Ultimately, Wade’s imprisonment helped him “come to grips with the reality of how my criminal manifestations came about and why I no longer felt it was humane for me to continue in that lane.”
Since being released without a single disciplinary infraction in November of 2012, Wade has forged a lane of his own while sharing his dramatic account with all who will listen. And though his eventful pre-incarceration life makes for a compelling story, he is committed to ensuring others pull from a different script.
“I can’t tell them what to do, but I just warn them about making certain choices and decisions,” says Wade, noting there is no “one particular panacea or universal remedy” for reaching youth. “I talk to them about my life as a living testimony to what can happen if you involve yourself with crime.” Wade adds, “The young men I mentor know that I care because I put so much time into it.”
But, to be clear, the disciplined man who continues to meditate four times a day expects no accolades for visualizing and then actualizing a more extraordinary world for himself and those around him. In a recent interview with KPFA’s Hard Knock Radio, Wade selflessly clarifies his ultimate purpose.

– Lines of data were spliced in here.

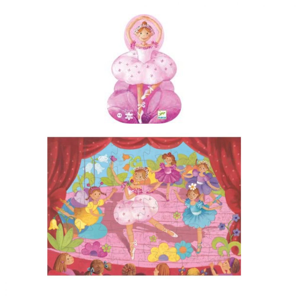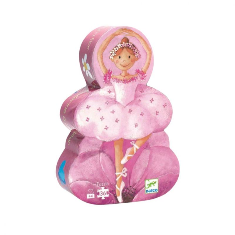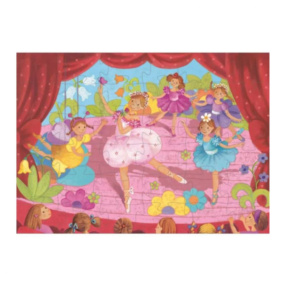Puzzle de 24 piezas con diseño de una bailarina y flores. Características: Piezas de gran tamaño para facilitar el agarre, diseño colorido y atractivo, ideal para desarrollar la motricidad fina y la coordinación ojo-mano.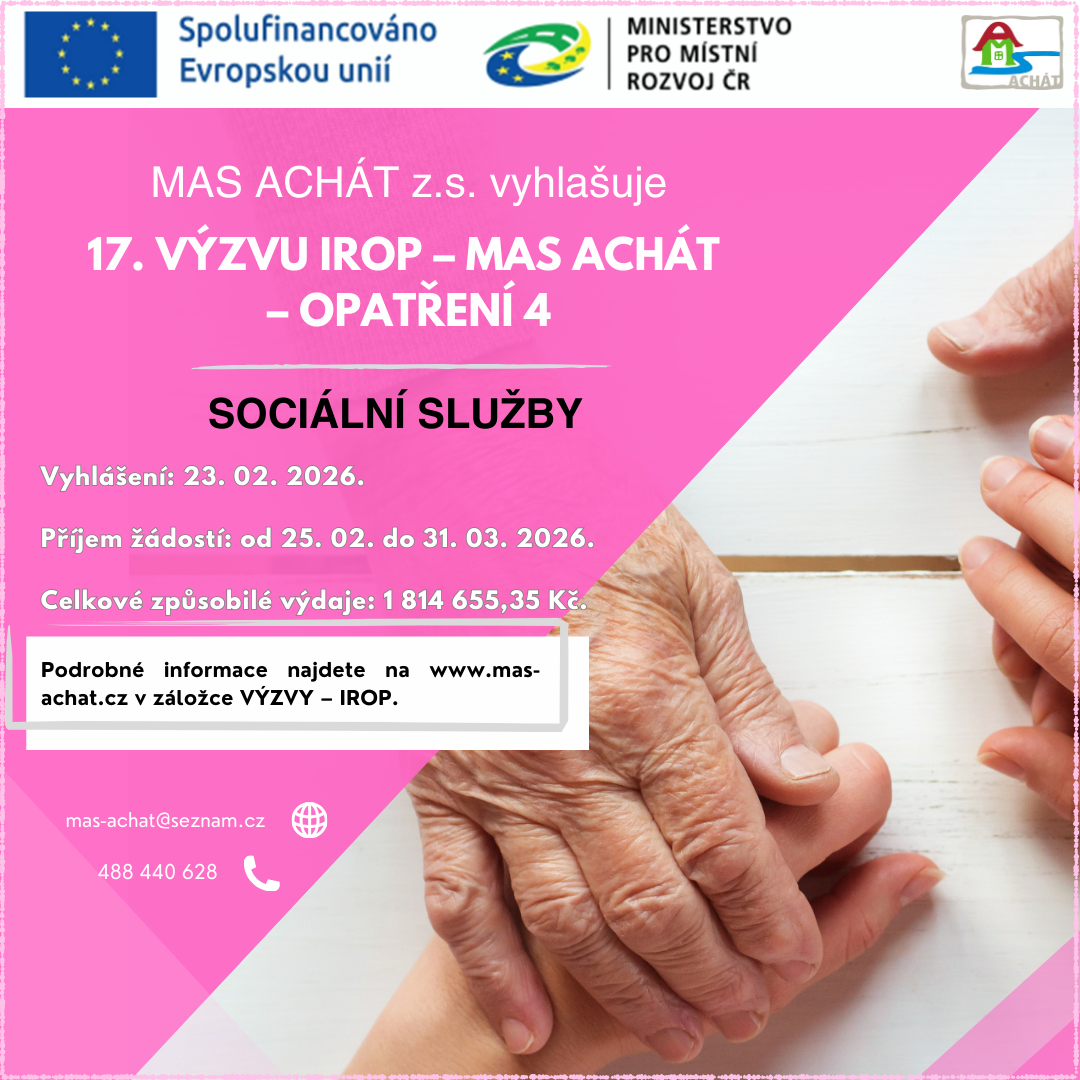 • 17.výzva IROP – MAS Achát – opatření 4 SOCIÁLNÍ SLUŽBY                   alokace  1.723.922,59
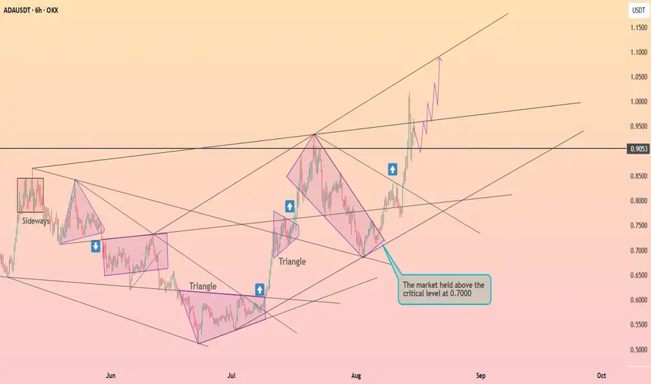ADAUSDT has broken above $0.90 resistance after consolidating in triangle and sideways structures. This breakout sets the stage for a move toward $1.05–$1.10, with strong bullish momentum as long as $0.90 holds.

“I feel I have a spiritual, sacred and ancestral duty to do this type of work,” said Wade, who devoted a segment of his recent book to apologizing to those his former life may have harmed. “I certainly don’t deserve any accolades or pats on the back for this type of work because I can visibly see Malcolm or Marcus chastising me about accepting a pat on the back.
“So, as far I’m concerned, I am doing what I should be doing.”